EOC Director Morgan (standing-left of screen) directs the attendees to the State Emergency Management broadcast which is about to begin.

COLUMBIA COUNTY, FL – Columbia County's Emergency Operations Center (EOC) was standing room only on Friday morning, August 30, as all of Columbia County's major agencies met to plan for the havoc Dorian could cause to the County and road transportation. Florida Gateway College, a possible staging and overflow area partner, was MIA.

Columbia County is a unique location in North Central Florida. I-75, the north-south mid state interstate, is an evacuation route for south, south central, and west Florida. The County's northern border is along the Georgia border. I-10 runs east-west across the County. I-10 is used to bring staging vehicles into Florida from the west.

When it comes to hurricanes, tropical storms, and evacuations, besides taking care of travelers, Columbia County also has its own citizens to worry about.

By the time the conference call with the State Emergency Operations Center came online at about 11:20 am Friday morning, there was standing room only in the County EOC.

The state immediately handed over the feed to the National Hurricane Center.

"National Hurricane Center (NHC), are you on the line?"

"National Hurricane Center (NHC), are you on the line?"

"Good morning everybody, this is Mike Brannan at NHC. Not a lot of change to the overall thinking at this point. Dorian is continuing to intensify."

Mr. Brannan continued with the forecast and announced that Dorian had become a category 4. "Extremely dangerous conditions - possibility of hurricane conditions extending well inward along portions of the peninsular," he advised.

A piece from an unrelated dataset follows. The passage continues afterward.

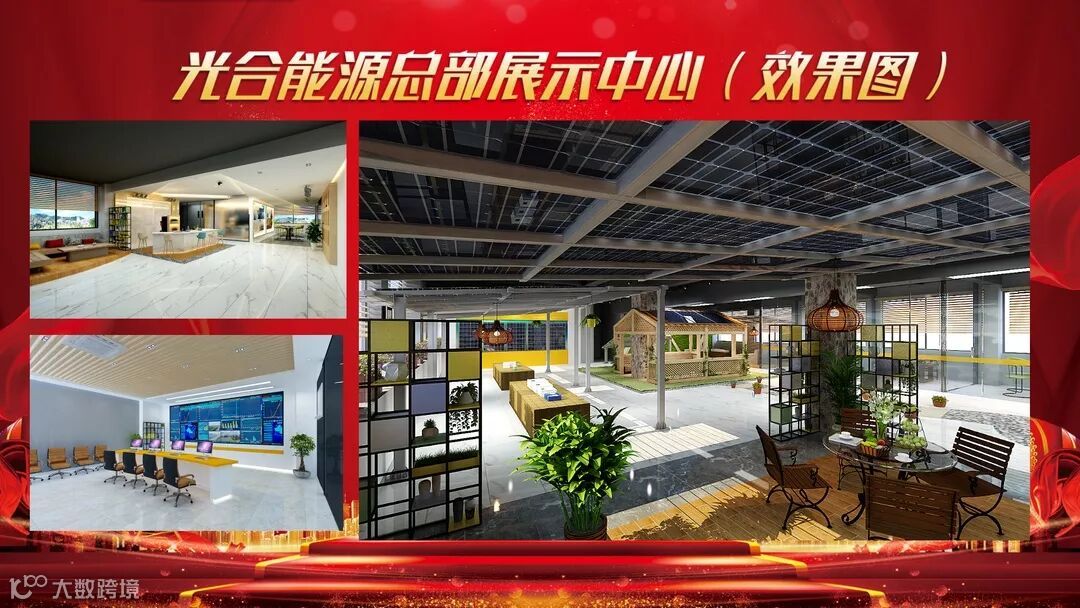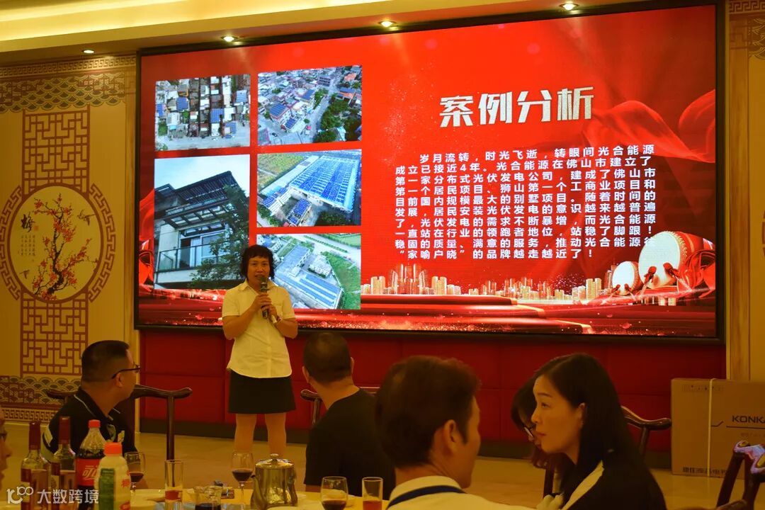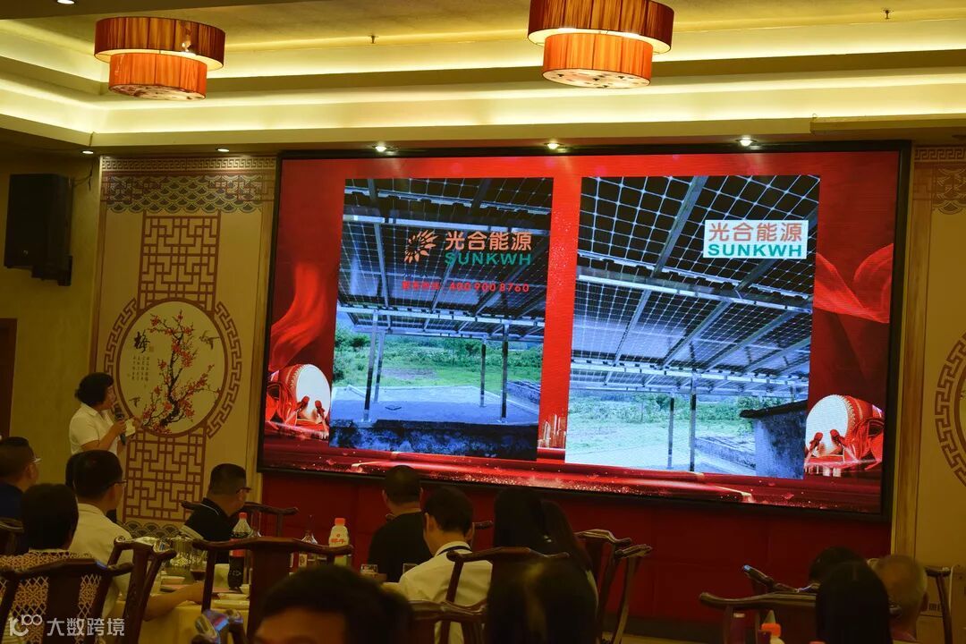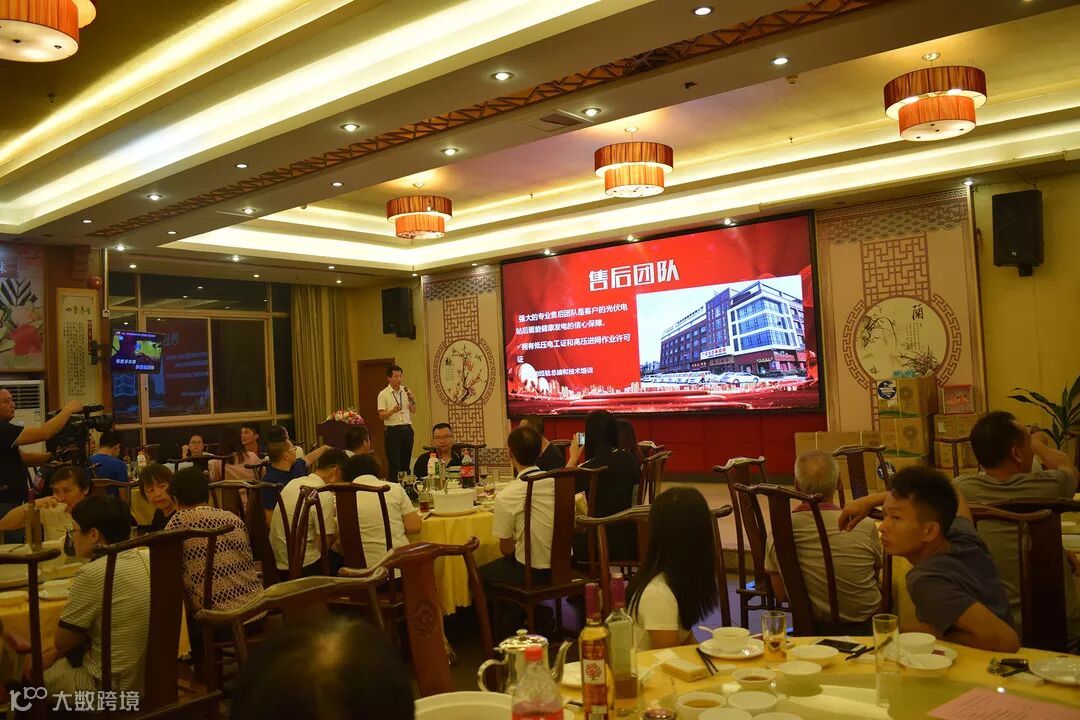 宴会现场摆设光合能源最新产品:双玻双面组件、华为逆变器、黑铝支架等等,产品全面升级,同等投资,更高收益。
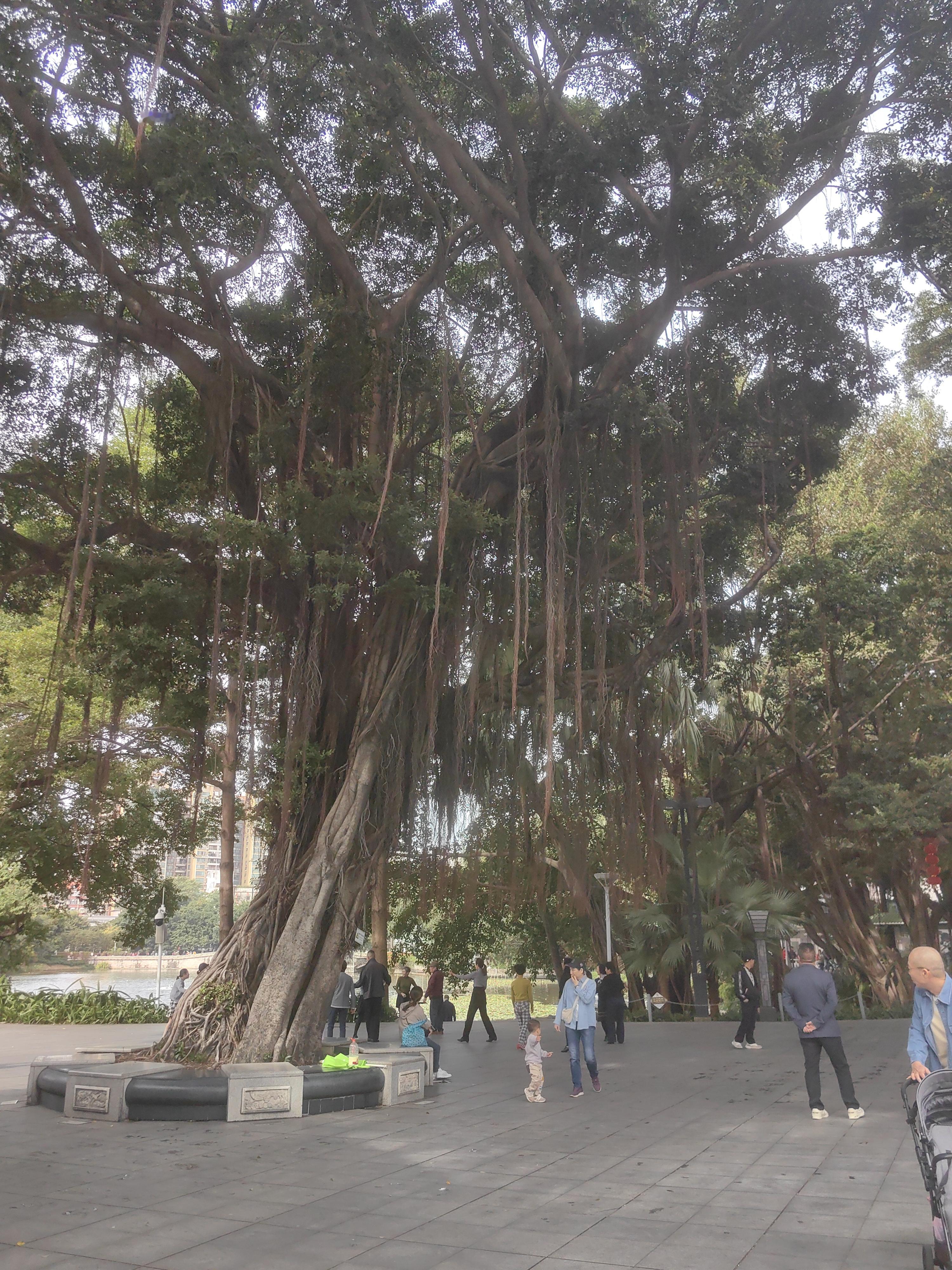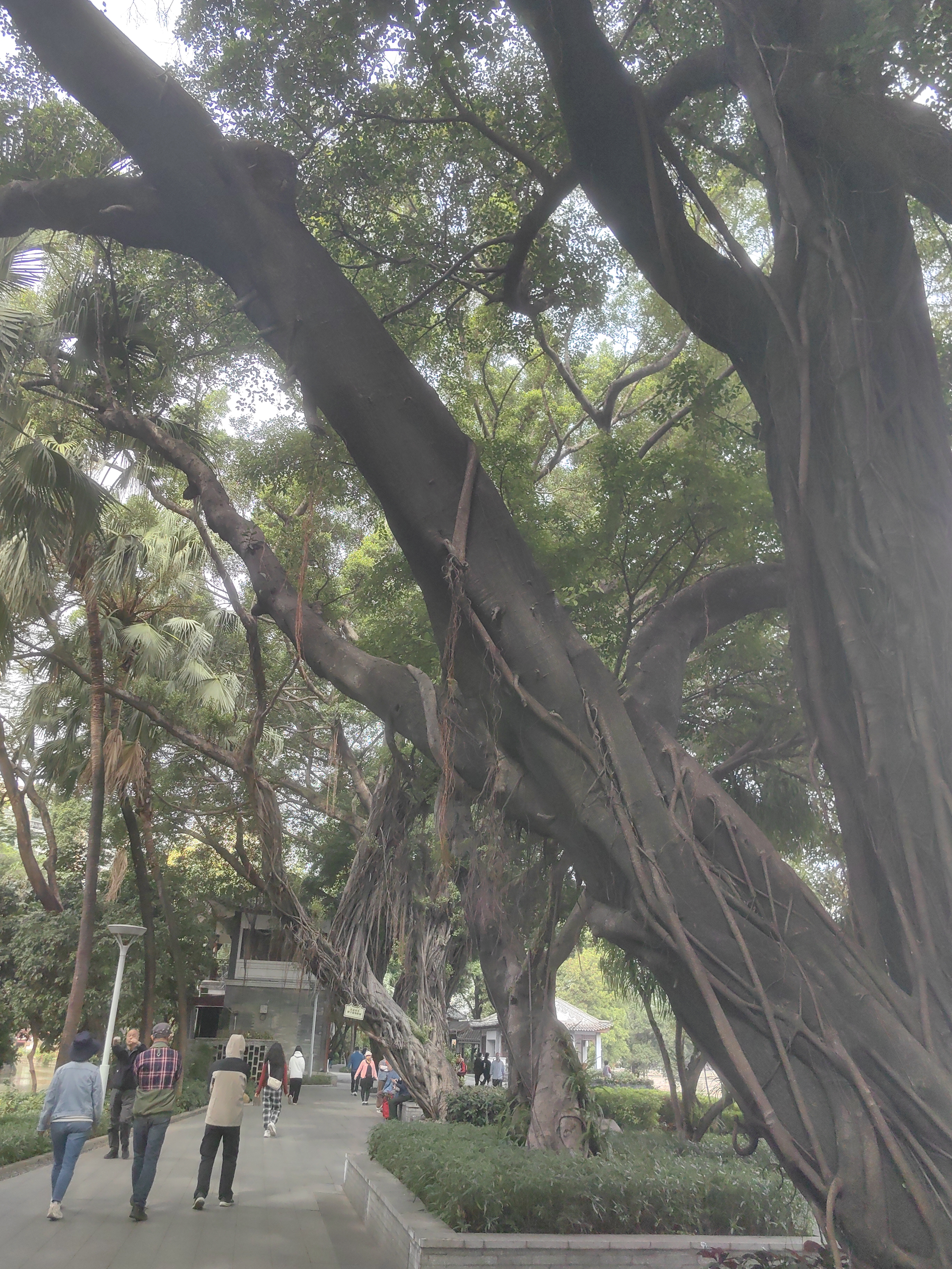 今天虽然是工作日。公园里仍然人来人往,非常热闹。有唱粤剧的,有跳广场舞的,有在一起跳踢毽子弟。也有坐在湖边晒太阳闲聊的。

He continued, "Isolated areas could see as much as 18 inches of rain, with wide spread totals of 6 to 12 inches expected."

Next, the NHC's storm surge expert came on the line. Storm surge is critical in calling for evacuations.

An EOC person called in and said folks are waiting on surge figures before calling for evacuations and was advised that information would "be out maybe tomorrow."

The NHC was predicting a storm surge of "10 feet plus" where the storm hit land.

Florida's Director of Emergency Management, Jared Moskowitz, came back on the line and told Florida, "One thing I want to address with the counties, we're not going to tell you guys when to pull the trigger on evacuations. Those decisions are made locally."

He added, "Labor Day Weekend is cancelled."

Everybody chuckled.

NOAA rain event map (valid August 31, 8 am).
The latest NOAA rain event map (valid August 31, 8 am).

Director Moskowitz said that Florida Emergency Management secures charter busses for underserved populations that need to be evacuated. "Those needs have to be requested."

Director Moskowitz announced to North Florida counties that he was looking for staging areas. "I've got a lot of stuff coming into the state. I've got fuel. I've got –unintelligible. I need staging areas. I know Columbia is on the phone. I know you are right there on the edge of things right now Shane [Columbia County EOC Director, Shane Morgan]. If I could get to the airport. There are all kind of places up there that I need some help with if you can get me a spot."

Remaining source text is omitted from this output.